# Coffee grounds in tank



## 2cvhound (May 2, 2016)

Hi folks

I have a new Rancilio Silvia and have only used it a handful of times so far. On refilling the tank yesterday I noticed there were a few grounds in the tank. Any suggestions as to what I am doing wrong? I have been following instruction plus the video from Gail at Seattle Coffee as to the procedure.

All suggestions welcome!

UPDATE - tasted the grounds: not coffee, but tiny black bits from new water filter cartridge. Cleaned out the tank again and now run filtered water through kitchen towel!

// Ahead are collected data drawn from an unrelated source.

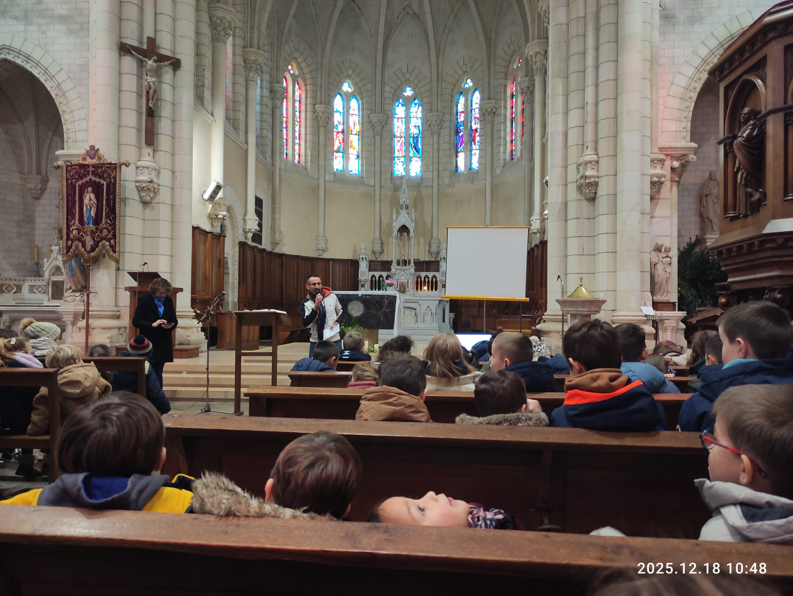 L’ensemble des élèves de l’école Saint Pierre s’est réuni dans l’ église de Teillé pour vivre un temps fort de l’année : la célébration de Noël.Animée par Claire Priarollo , Gildas et les enseignantes, cette deuxième célébration s’inscrivait dans le thème de l’ année « l’accueil, l’hospitalité ». A travers une lecture, des chants, et des intentions de prière chacun a été encouragé à offrir un pardon, soutenir un camarade, ouvrir son coeur…
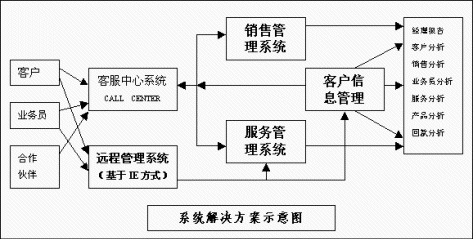 易達(dá)CRM在提供客戶(hù)信息管理、銷(xiāo)售管理、潛在客戶(hù)管理和服務(wù)管理基礎(chǔ)上,還充分集成了低價(jià)位的呼叫中心系統(tǒng)(Call center),以及基于IE方式的遠(yuǎn)程處理系統(tǒng),其功能框圖如下:
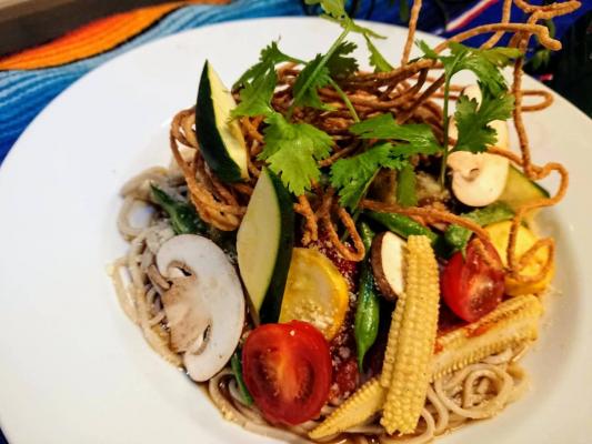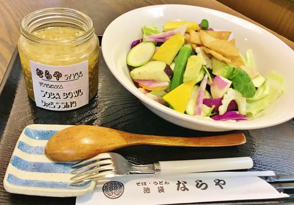 お蕎麦の上には10種類以上の新鮮野菜がたっぷりと添えられパリパリの揚げ蕎麦とともに自家製ドレッシングをかけていただくメニューです。具やドレッシングのカスタマイズが可能。
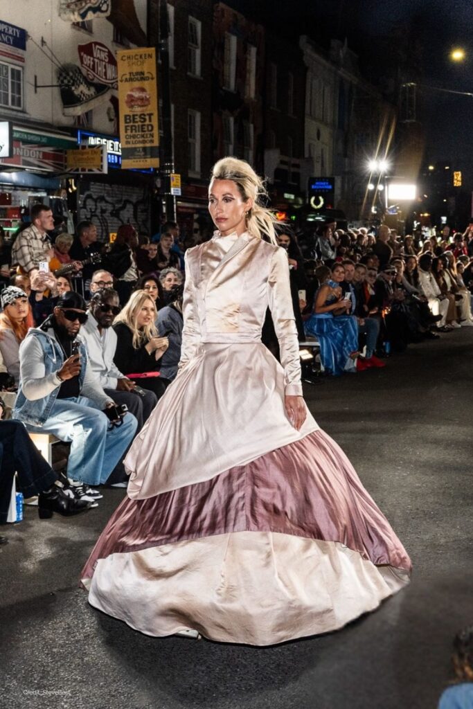 The setting was iconic. Camden High Street, with its bustle of markets, commuters, and Londoners, became a stage where couture met community. Passers-by became part of the audience, creating an atmosphere that blurred the lines between high fashion and everyday life.
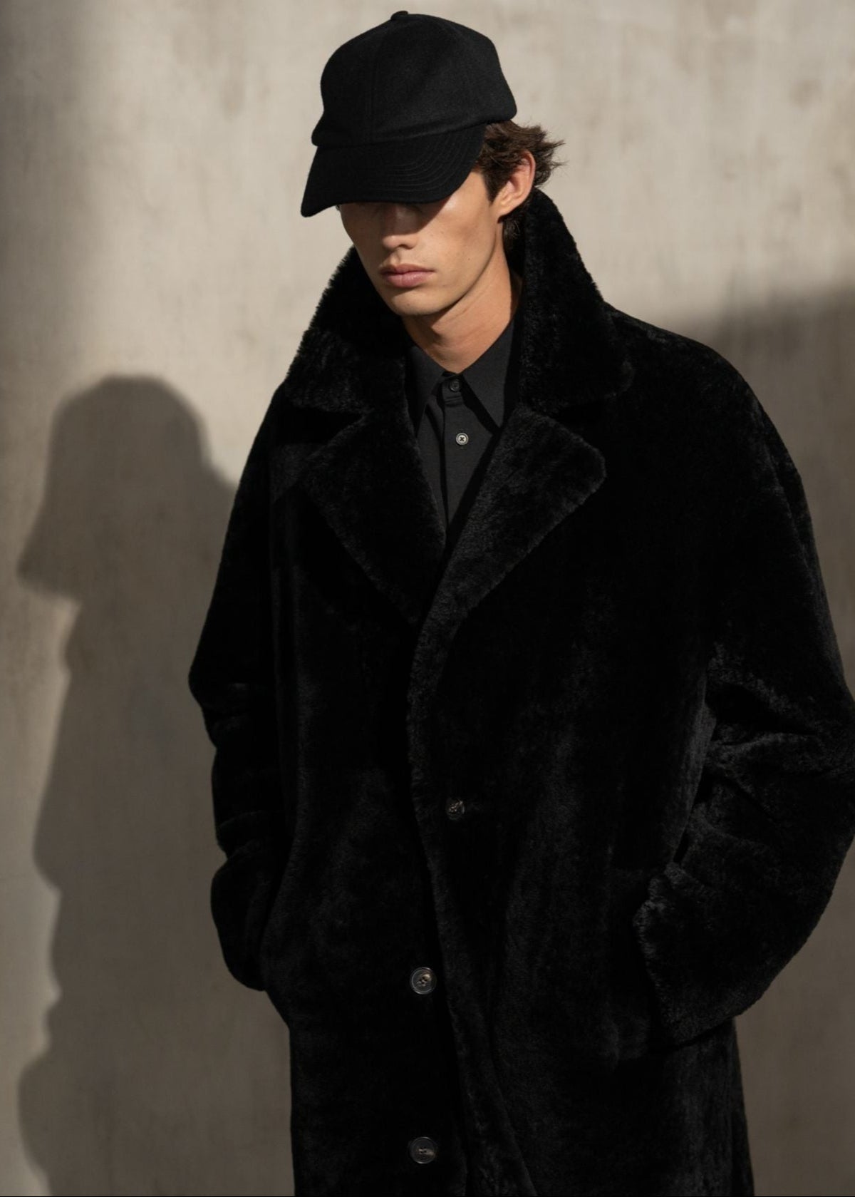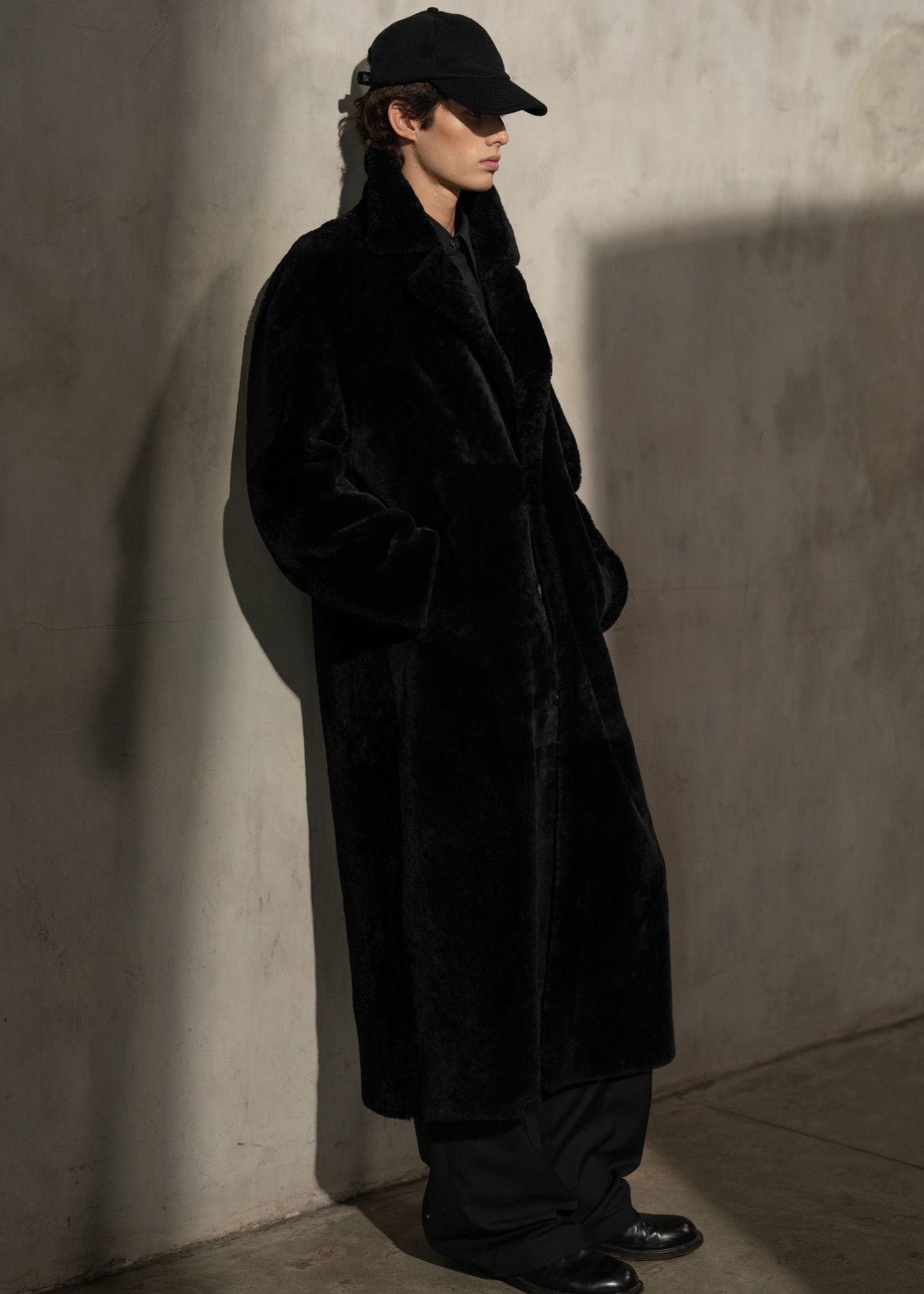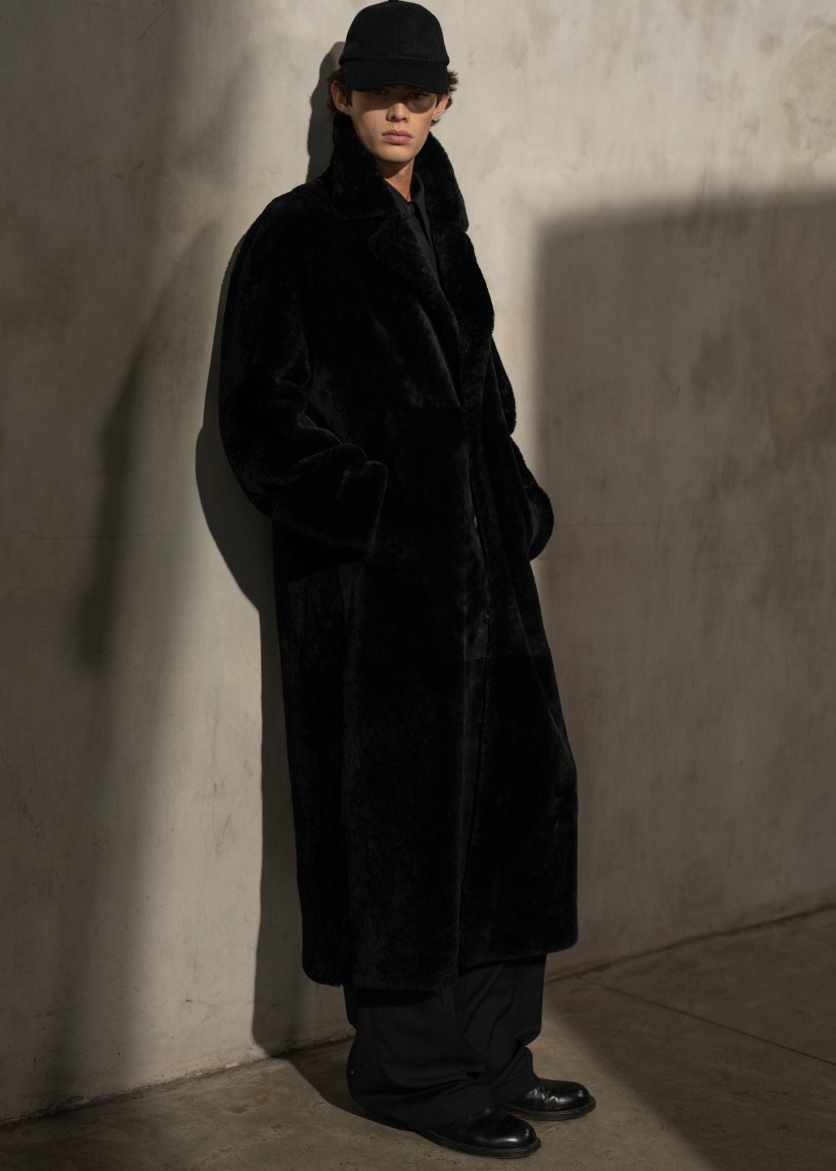 A long topcoat in rich, high-pile shearling. Designed with a sculpted collar and extended silhouette that redefines winter structure with warmth and presence.
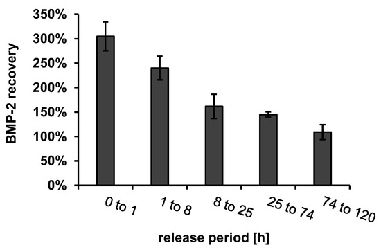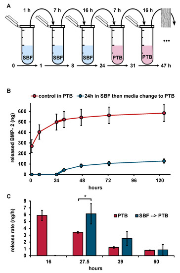 In order to distinguish whether BMP-2 release into the SBF medium was reduced or whether BMP-2 was released but could not be recovered from the release medium, an additional release test with a change from SBF to PTB after 24 h was performed (Figure 4).
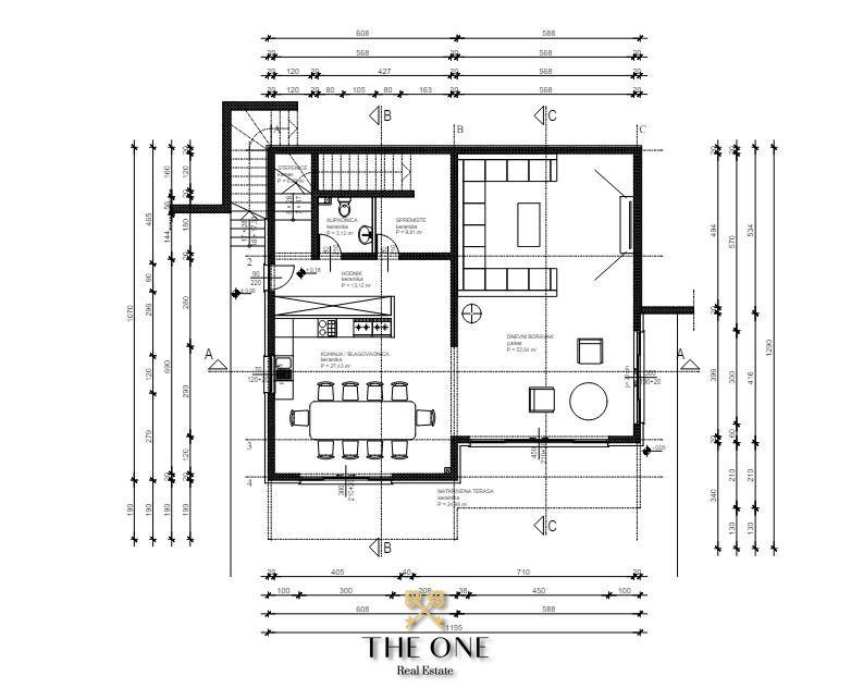 Donji kat sadrži kuhinju i blagovaonicu sa staklenim kliznim stijenkama koje se otvaraju na terasu. Prostrana dnevna soba nudi nesmetan pogled na infinity bazen i more. Pored spremišta se nalazi gostinjski wc kojeg je moguće prenamijeniti u kupaonicu.
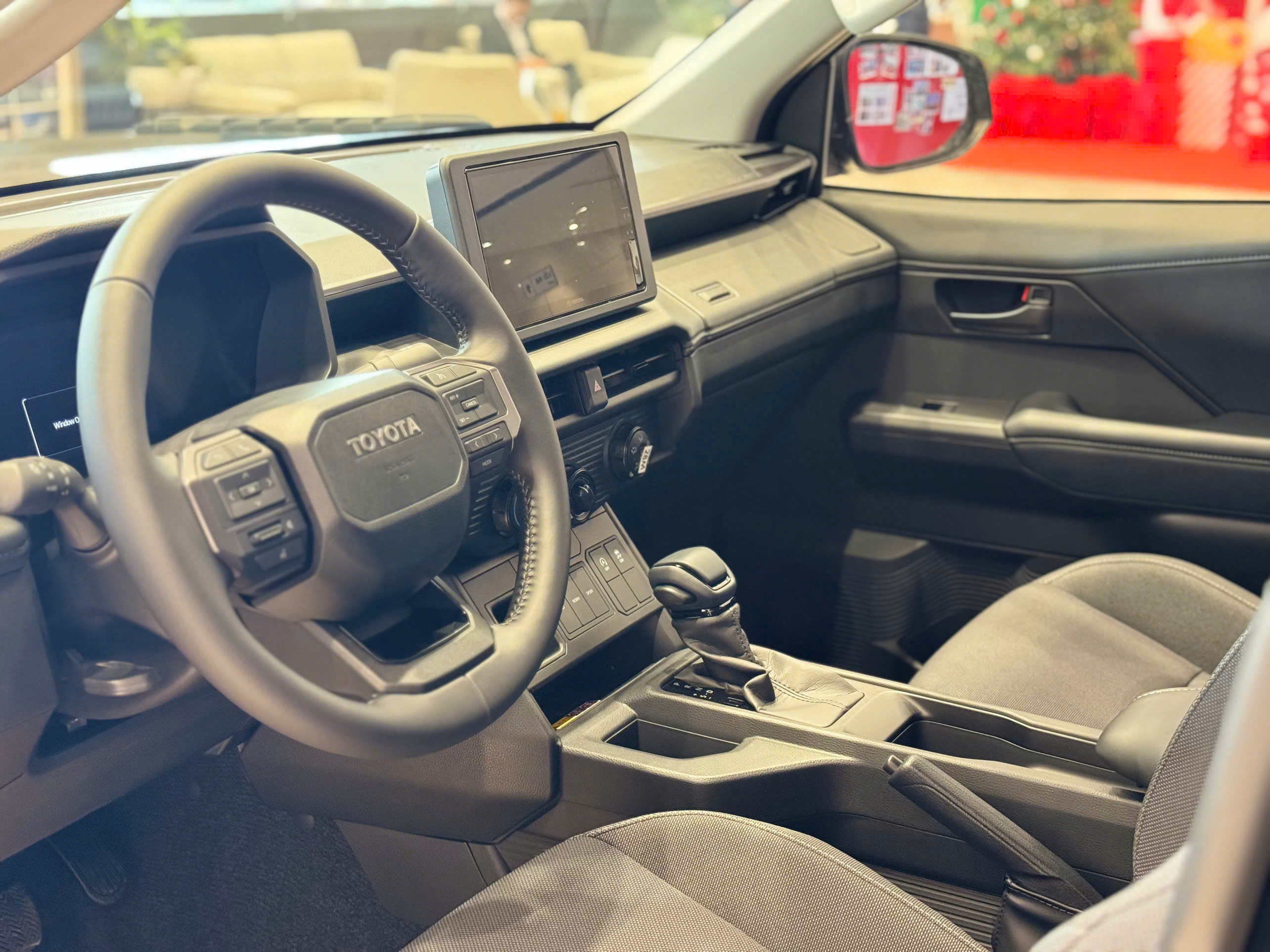 Vô lăng Toyota Hilux 2026 cũng duy trì thiết kế 3 chấu thể thao với các gù tựa tay tiện dụng. Phiên bản 4x2 AT và 4x4 MT có chất liệu vô lăng nhựa urethane cơ bản, trong khi vô lăng phiên bản 4x4 AT Adventure được bọc da cao cấp.
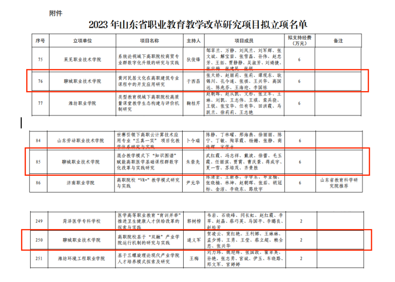 近日,山东省教育厅公示了2023年山东省职业教育教学改革研究项目,聊城职业技术学院立项3项省教改项目,支持经费14万元。其中,于西昌教授主持的《黄河民居文化在高职建筑专业课程中的开发应用研究》、朱崇先教授主持的《混合教学模式下“知识图谱”赋能高职医学基础课程群数字化改革与实践研究》立项为重点项目,每项给予6万元支持经费。
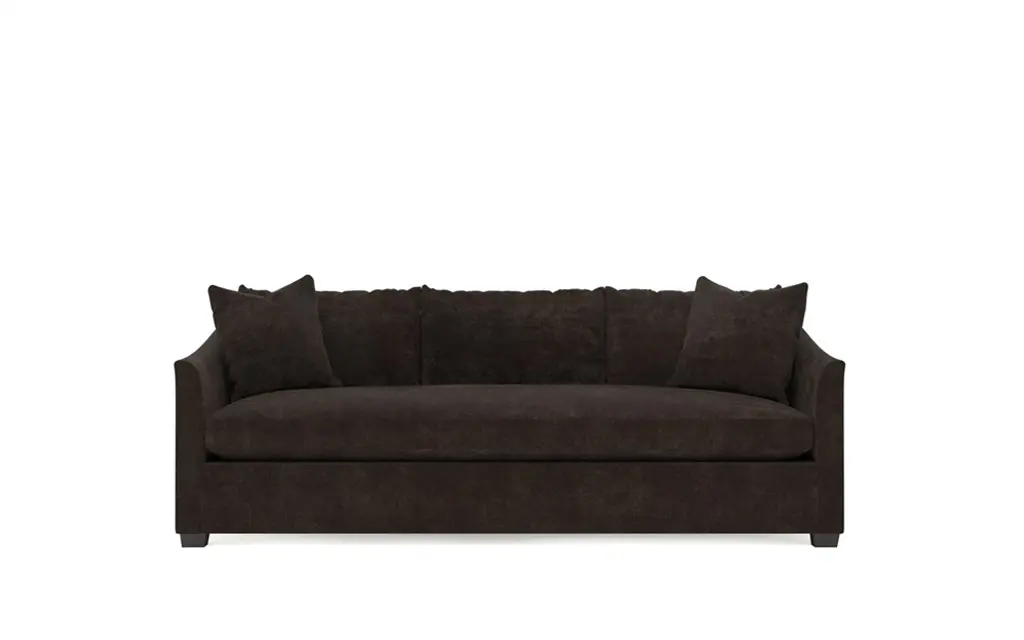 At once timeless and understated, the 89” Clairmont bench cushion sofa lends a charming touch to any modern or traditional space. Set atop tapered wood legs, the inviting silhouette includes softly sloped arms, gently curved back corners, and cozy throw pillows. Soft yet supportive with a slightly firm sit, the low-maintenance seat cushions feature a foam core surrounded by plush fiber fill. Choose from a variety of upholstery options, including linen, velvet, and performance fabrics.
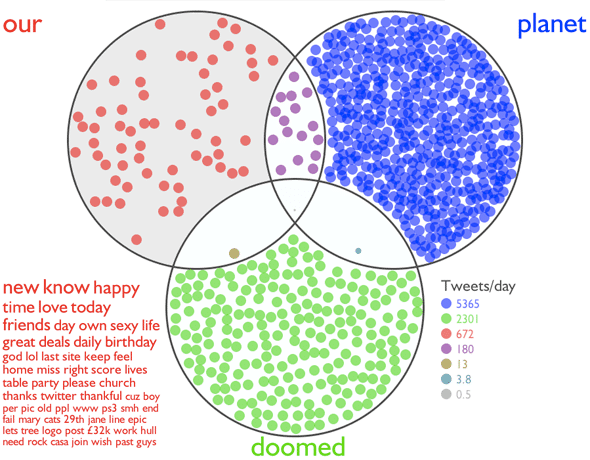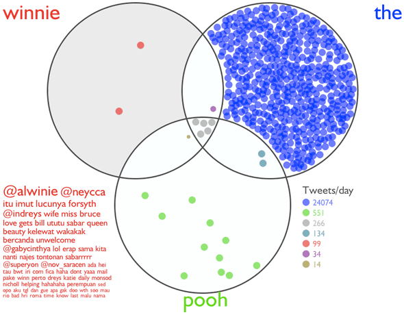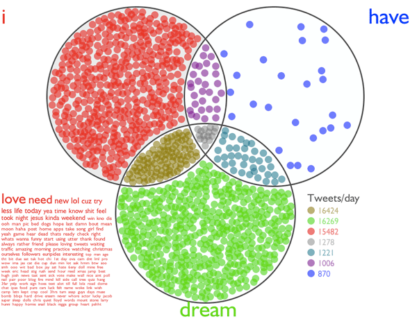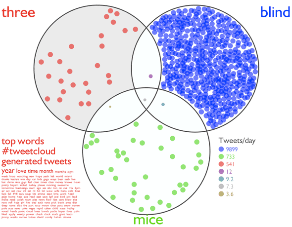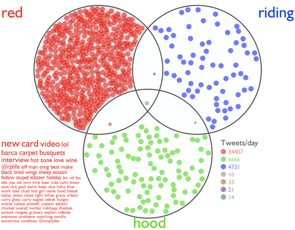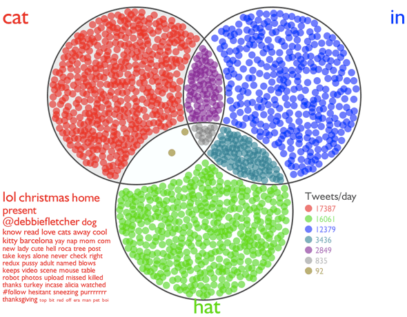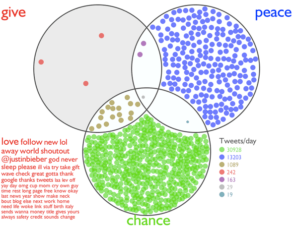 After taking statistics classes for years and years, some of it must have rubbed off on me. Now that I’m actively involved in the internets, my observations in pattern recognition have been ramped to an extraordinary amount. I just love uncovering new ways of analyzing data and fiend for any kind of data visualization or infographic. So when I stumbled upon a site that automagically produced Venn diagrams with keywords that I could pick… well, let’s just say I was elated. Yes, I know. Nerdy and kind of sad. Well, it’s my sad and nerdy.

Would delete the post if I knew how.

Embarrassed!


----------



## oursus (Jun 5, 2015)

2cvhound said:


> Hi folks
> 
> I have a new Rancilio Silvia and have only used it a handful of times so far. On refilling the tank yesterday I noticed there were a few grounds in the tank. Any suggestions as to what I am doing wrong? I have been following instruction plus the video from Gail at Seattle Coffee as to the procedure.
> 
> ...


Don't bother deleting - just post it in the muppetry thread, quick read through that will cheer you up


----------



## johnealey (May 19, 2014)

Was going to suggest the carbon from a filter jug but see you go there yourself.

Brita maxtra seem more prone to do this than BWT ones and even if you rinsed them a lot would still get some carbon specks.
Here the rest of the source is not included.